Many people ask us who St. Vincent is and we usually talk about the saint, dates, acts, even phrases, but rarely about the person, about the one who, with his experience of God and the poor, marked our lives and made us get to the place where we are today, that is, we rarely talk about “our” St. Vincent, the one who made us fall in love with him.
Knowing who Vincent is for us helps us to go back to our sources, to our first love and thus live in a special way some particular characteristic of the charism, to focus our attention on the details and this allows us to transform concrete ideas into action.

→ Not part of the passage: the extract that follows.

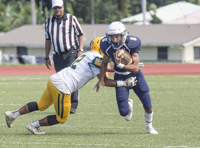 Ka’u again looked the part of eight-man favorite in a 20-6 victory against Pahoa on Sept. 6. The only thing that fully slowed Izaiah Pilanca-Emmsley (150 yards rushing, one touchdown), Shesley Martinez (two TDs) and crew was a power outage that cut the game short.
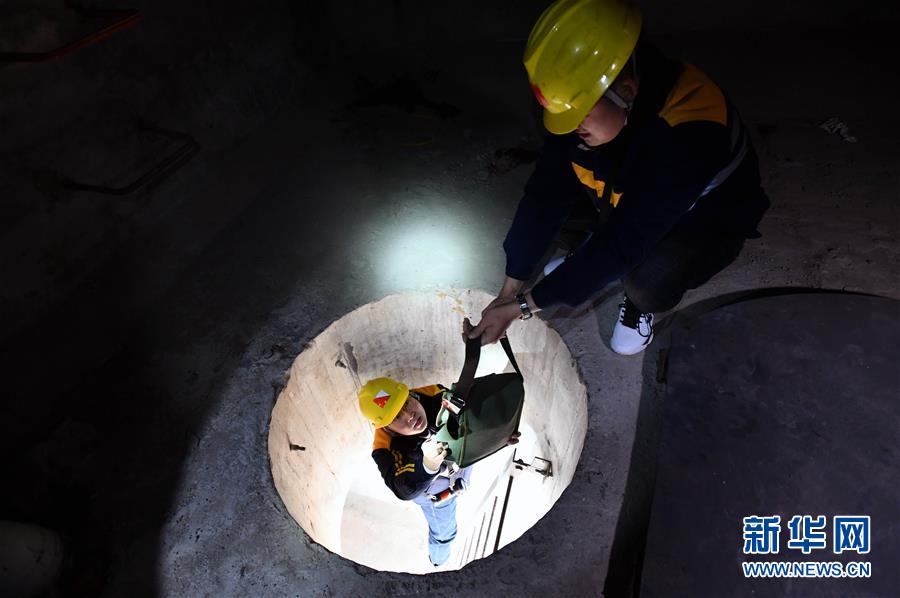 1月3日,中國(guó)鐵路濟(jì)南局臨沂工務(wù)段工程技術(shù)員通過狹小的檢查孔進(jìn)入箱梁檢查。新華社記者 朱崢攝

Faced with this same question, my answer focuses on three ideas:

– A creative man: I have always been amazed by the capacity he has had to be able to give an answer to everything, to every need of the poor and of the Church. A man capable of seeing beyond in spite of all the social, economic and even religious difficulties. He lived through war, economic crisis, inequality, exploitation of people, corruption and he knew how to find an answer to everything.
– Friend of all: he had in his life the ability to relate to everyone, from the King to the last beggar. This characteristic amazes me, especially in these times in which we live in a society that constantly divides one from another by social condition, race, political color or nation. Vincent knew how to reach intimacy with each one, he even knew how to unite some with others in spite of their differences because he had transformed himself into that which was common to all.
– Trusting in God: Vincent would not have been what he was without that trust in God that he had within him, even in the worst moments of crisis of faith. His driving force was God. He did something because he was convinced that God was leading him to it, just as he knew that, if something was not of God, it would simply culminate soon. And this gave him absolute freedom because he knew who was directing his life and his work.

Surely I have other answers to this same question, but this is mine, the most intimate, the one I try to live it day by day and make it not only word but action and I am convinced that it is the vocational answer, not only for me but also for others, for those young people who today are wondering what to do with their lives. For adults who, at times, their life needs something more. For those who disbelieve in everything, in the system, in man himself, who are looking for something that will make them transcend. It is even the answer for the poor.
On this day, let us dare to ask ourselves the same question again, but above all to answer it from within, from that place that is no longer simple knowledge but experience and encounter, where the words no longer matter, but the words that are felt.
On this day let us ask ourselves again… Who is St. Vincent for me?